An IOC statement said the boxing body “has failed to fulfil the conditions set by the IOC … for lifting the suspension of the IBA’s recognition.”

The IBA criticized what it called a “truly abhorrent and purely political” decision by the IOC and warned of “retaliatory measures.”

“Now, we are left with no chance but to demand a fair assessment from a competent court,” the boxing body’s Russian president Umar Kremlev said in a statement.

The IOC-IBA standoff has also put boxing’s place at the 2028 Los Angeles Games at risk, though that should now be resolved.

The IOC previously stressed it has no problem with the sport or its athletes — just the IBA and its current president Kremlev, plus financial dependence on Russian state energy firm Gazprom.

In a 24-page report on IBA issues published Wednesday, the IOC concluded “the accumulation of all of these points, and the constant lack of drastic evolution throughout the many years, creates a situation of no-return.”

Olympic boxing’s reputation has been in question for decades.
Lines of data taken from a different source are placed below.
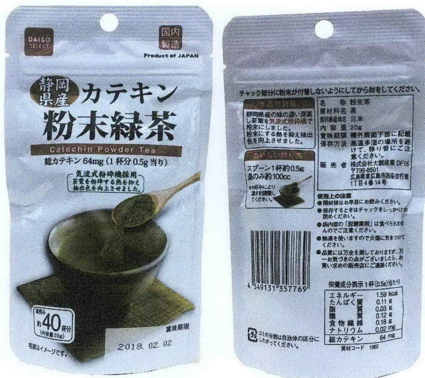
Figure 2. Unregistered Daiso Select Catechin Powder Tea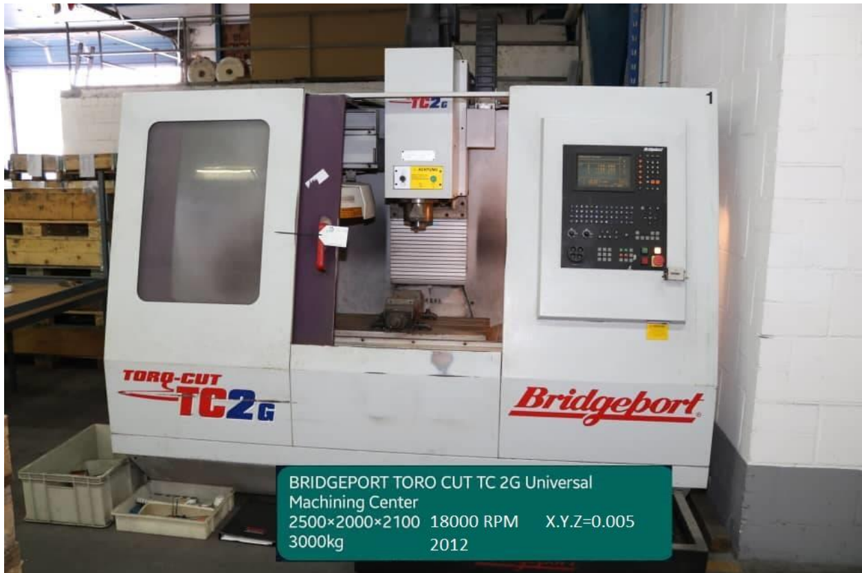
BRIDGEPORT TORO CUT TC 2G Universal Machining Center 2500×2000×2100 18000 RPM X.Y.Z=0.005 3000kg 2012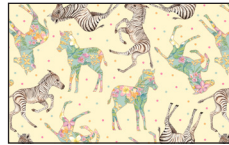
7323-44 Floral Zebras - Yellow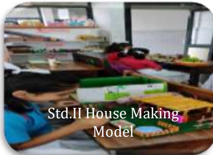
Std. II House Making Model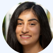
Richard G. Zimmerman Scholarship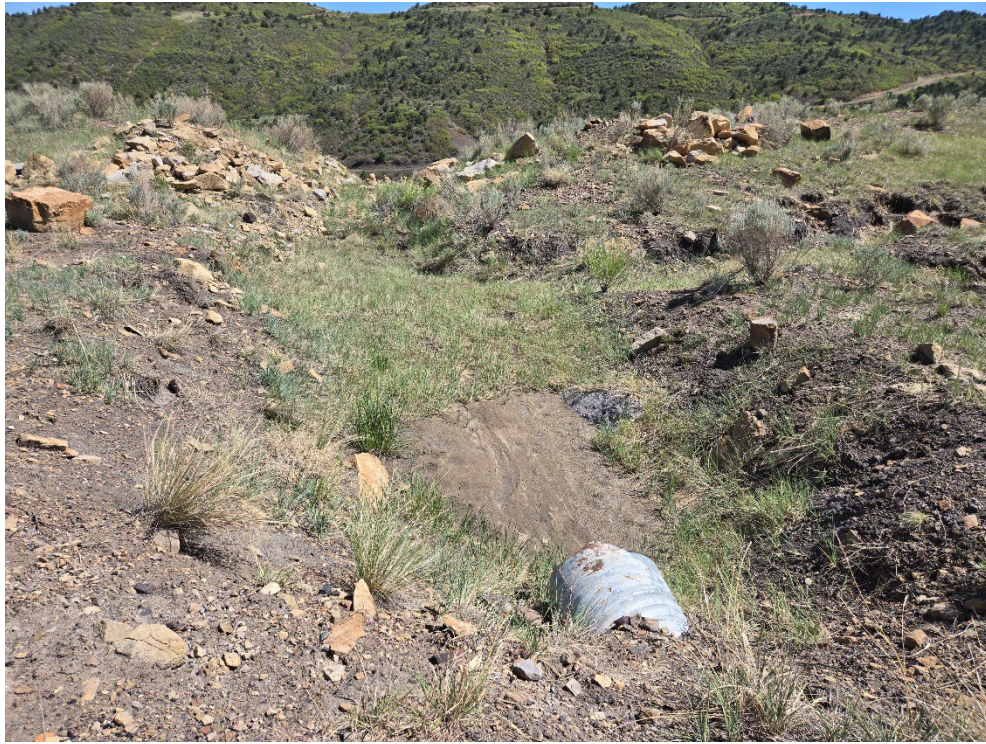
Photo 3: Looking at the outlet for culvert C4 on the southside of the road.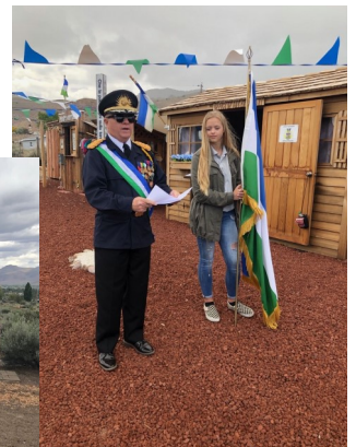
The President Delivering His Speech.

Tensions heightened after boxing officials worldwide ousted long-time IOC member C.K. Wu as their president in 2017 when the organization was known by its French acronym AIBA.

“From a disreputable organization named AIBA governed by someone from the IOC’s upper echelon, we committed to and executed a change in the toxic and corrupt culture that was allowed to fester under the IOC for far too long,” Kremlev said Wednesday in a statement.

National federations then defied IOC warnings in 2018 by electing as their president Gafur Rakhimov, a businessman from Uzbekistan with alleged ties to organized crime and heroin trafficking.

Kremlev’s election to replace Rakhimov in 2020 followed another round of IOC warnings that went unheeded.

Amid the IBA turmoil, a rival organization called World Boxing has attracted initial support from officials in the United States, Switzerland and Britain.

The IBA can still continue to organize its own events and held the men’s world championships last month in the Uzbek capital Tashkent.